But don't stop with brief data, you can even show verbose data as well. However in the case of multiple subsystems it just isn't practical to show scrolling history and so you will only see the latest sample. If you choose to show a single verbose subsystem you will see scrolled data.
Finally, if you want to customize the way the screen real-estate is allocated between the process and other data, you can change the size of the process section by including the number of lines to display as the second argument to --top. You can also control the size of the subsystem data with --hr lines, a synonym for --headerrpeat lines.
There are actually 2 main functional components to this format, the main one being to determine the parent child relationship between all processes (there IS some additional overhead involved here). A second function is the aggregation of various counters and meters.
Proctree can also be combined with --top to limit the number of processes display OR in playback mode with or without --top.
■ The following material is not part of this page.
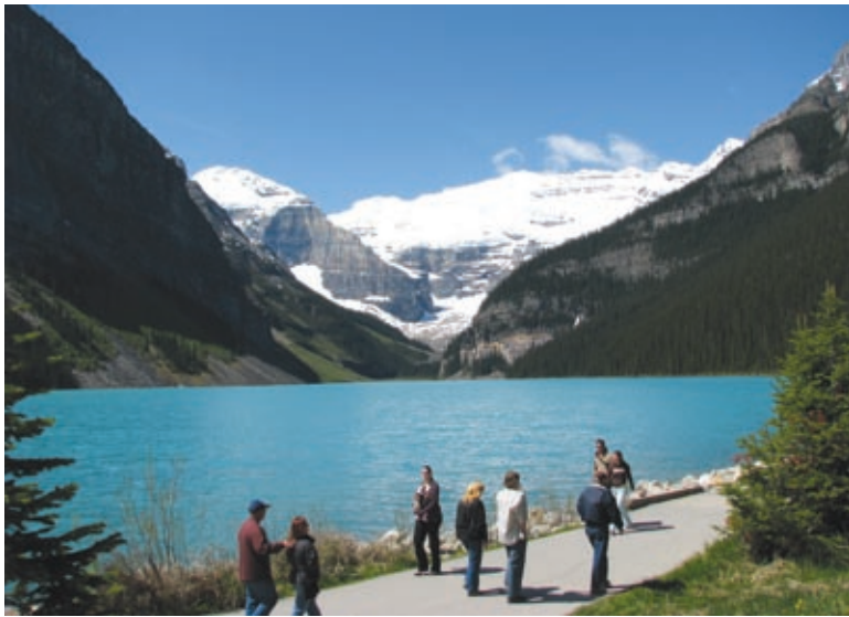
Jezero - Lake Louise

Consider the following output when playing back a file with --top --export proctree:
# PID PPID User PR S VSZ RSS CP SysT UsrT Pct AccuTime MajF MinF Command 00001 0 root 15 S 2G 108M 0 0.03 0.03 0 0:18.21 0 0 init 05535 1 root 15 R 106M 15M 2 0.01 0.03 0 0:07.68 0 0 /usr/bin/perl 05452 1 haldaemo 15 S 85M 7M 1 0.02 0.00 0 0:06.99 0 0 hald 05453 5452 root 15 S 55M 3M 0 0.02 0.00 0 0:05.42 0 0 hald-runner 05474 5453 root 16 S 9M 652K 0 0.02 0.00 0 0:05.41 0 0 hald-addon-storage:
One can also use most of the process options as well (see --showsubopts for the complete set).
Additional interactive --top options
Proctree was really developed for real-time display with --top and so there are more available
options, the main one to consider is the suppression of fields with zero in them. In the previous
example, fields with 0 CPU were suppressed because by default --top sorts by CPU (even though
we're not sorting). If one were to choose a different sort field with --top, proctree will
use that field to suppress entries with zero in them. In fact, there are a number
of different switches one can select interactively, one of which is to change the suppression
value from 0 to something else.
So let's take a closer look at running in interactive mode by typing the command
collectl --top --export proctreeand at some time after the first data screen is displayed, type RETURN. You will now see a menu like this:
Enter a command and RETURN while in display mode: pid only display this pid and its children a toggle aggregation between 'on' and 'off' dxx change display hierarchy depth to xx i change display format to 'I/O' k toggle multiplication of I/O numbers by 1024 between 'on' and 'off' m change display format to 'memory' p change display format to 'process' h show this menu stype where 'type' is a valid sorting type (see --showtopopts) entries with 0s in those field(s) will be skipped wxx max width for display of command arguments z toggle 'skip' logic between 'on' and 'off' Zxx when skipping, only keep entries with I/O fields > xxKB Press RETURN to go back to display mode...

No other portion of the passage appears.